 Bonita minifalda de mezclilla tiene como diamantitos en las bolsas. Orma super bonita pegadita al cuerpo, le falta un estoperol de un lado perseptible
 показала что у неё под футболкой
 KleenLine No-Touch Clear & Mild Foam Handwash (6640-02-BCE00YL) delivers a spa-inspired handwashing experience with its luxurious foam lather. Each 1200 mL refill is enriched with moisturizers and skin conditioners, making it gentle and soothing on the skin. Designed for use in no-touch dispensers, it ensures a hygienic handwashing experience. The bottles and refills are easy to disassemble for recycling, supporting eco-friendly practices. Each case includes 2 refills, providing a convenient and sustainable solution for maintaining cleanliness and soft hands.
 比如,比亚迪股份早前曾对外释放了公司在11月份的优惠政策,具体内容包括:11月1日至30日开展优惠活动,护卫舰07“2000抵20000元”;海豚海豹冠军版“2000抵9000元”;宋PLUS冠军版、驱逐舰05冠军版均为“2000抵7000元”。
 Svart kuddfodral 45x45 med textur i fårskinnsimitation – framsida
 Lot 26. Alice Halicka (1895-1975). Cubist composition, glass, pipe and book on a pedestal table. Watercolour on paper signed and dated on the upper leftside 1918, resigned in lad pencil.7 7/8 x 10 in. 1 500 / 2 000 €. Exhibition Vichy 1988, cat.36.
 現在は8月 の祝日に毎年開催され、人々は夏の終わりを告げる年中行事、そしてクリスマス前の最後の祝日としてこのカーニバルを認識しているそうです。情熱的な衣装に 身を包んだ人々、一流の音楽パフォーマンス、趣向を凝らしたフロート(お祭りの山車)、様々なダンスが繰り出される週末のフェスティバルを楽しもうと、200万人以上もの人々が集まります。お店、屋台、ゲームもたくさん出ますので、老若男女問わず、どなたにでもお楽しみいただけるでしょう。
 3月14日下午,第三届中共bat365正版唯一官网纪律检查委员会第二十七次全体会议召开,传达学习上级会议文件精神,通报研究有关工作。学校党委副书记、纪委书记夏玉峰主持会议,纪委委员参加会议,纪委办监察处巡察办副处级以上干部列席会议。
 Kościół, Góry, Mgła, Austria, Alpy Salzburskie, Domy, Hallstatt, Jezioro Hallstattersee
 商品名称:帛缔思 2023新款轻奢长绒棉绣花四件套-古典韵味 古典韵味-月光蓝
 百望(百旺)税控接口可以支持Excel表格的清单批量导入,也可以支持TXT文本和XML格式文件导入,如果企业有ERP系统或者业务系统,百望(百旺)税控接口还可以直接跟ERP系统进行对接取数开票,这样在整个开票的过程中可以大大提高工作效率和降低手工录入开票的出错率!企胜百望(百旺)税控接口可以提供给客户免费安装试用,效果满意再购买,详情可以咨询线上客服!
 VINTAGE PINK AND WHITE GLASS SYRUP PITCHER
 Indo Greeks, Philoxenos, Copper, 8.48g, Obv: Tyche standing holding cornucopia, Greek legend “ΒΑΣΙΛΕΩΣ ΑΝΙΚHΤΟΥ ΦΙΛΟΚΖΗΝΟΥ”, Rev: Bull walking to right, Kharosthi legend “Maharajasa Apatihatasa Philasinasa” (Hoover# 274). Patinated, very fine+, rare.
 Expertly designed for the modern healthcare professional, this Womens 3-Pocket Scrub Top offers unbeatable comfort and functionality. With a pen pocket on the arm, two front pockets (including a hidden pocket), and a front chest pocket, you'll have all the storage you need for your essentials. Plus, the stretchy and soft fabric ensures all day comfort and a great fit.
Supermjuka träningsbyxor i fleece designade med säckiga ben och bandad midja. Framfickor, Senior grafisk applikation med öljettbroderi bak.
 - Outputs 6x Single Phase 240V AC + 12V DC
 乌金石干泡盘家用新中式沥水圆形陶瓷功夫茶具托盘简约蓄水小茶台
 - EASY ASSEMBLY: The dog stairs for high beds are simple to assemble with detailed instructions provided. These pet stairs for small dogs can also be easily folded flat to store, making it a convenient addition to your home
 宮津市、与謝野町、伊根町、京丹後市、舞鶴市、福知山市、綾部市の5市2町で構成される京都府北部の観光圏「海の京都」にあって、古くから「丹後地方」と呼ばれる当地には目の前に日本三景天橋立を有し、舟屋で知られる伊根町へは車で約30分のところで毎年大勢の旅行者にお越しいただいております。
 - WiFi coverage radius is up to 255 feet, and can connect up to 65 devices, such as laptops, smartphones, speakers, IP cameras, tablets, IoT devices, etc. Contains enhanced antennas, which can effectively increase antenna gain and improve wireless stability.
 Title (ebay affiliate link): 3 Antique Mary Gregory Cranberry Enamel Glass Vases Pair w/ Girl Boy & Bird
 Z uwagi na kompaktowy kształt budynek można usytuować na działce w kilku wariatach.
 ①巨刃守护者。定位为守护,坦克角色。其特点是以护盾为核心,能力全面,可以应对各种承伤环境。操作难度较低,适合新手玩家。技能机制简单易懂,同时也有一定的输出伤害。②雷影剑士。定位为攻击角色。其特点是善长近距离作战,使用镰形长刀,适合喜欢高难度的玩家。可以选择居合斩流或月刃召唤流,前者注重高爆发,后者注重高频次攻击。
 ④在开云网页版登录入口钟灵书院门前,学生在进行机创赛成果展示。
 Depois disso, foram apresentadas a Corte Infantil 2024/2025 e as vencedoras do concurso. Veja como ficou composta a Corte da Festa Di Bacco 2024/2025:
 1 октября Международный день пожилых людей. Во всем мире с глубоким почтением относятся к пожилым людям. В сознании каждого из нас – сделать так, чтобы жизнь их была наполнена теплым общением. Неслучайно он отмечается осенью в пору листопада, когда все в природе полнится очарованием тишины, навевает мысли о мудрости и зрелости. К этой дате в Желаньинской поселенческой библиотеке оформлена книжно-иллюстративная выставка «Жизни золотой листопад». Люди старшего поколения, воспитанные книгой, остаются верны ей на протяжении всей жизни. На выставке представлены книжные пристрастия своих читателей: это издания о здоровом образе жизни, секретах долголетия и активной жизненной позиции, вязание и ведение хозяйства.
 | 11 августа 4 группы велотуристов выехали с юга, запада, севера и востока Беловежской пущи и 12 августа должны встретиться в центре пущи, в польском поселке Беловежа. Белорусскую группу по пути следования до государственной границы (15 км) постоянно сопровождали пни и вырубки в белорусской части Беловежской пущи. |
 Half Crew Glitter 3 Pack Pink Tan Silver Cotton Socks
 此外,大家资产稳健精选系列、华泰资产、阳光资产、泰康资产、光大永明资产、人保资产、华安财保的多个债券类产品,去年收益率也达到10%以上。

^^^^^^^^

### Instructions for the task:
Only the lines containing the string "como" are needed; pull them out of the records.

### Solution for this task:
 Bonita minifalda de mezclilla tiene como diamantitos en las bolsas. Orma super bonita pegadita al cuerpo, le falta un estoperol de un lado perseptible
 Depois disso, foram apresentadas a Corte Infantil 2024/2025 e as vencedoras do concurso. Veja como ficou composta a Corte da Festa Di Bacco 2024/2025:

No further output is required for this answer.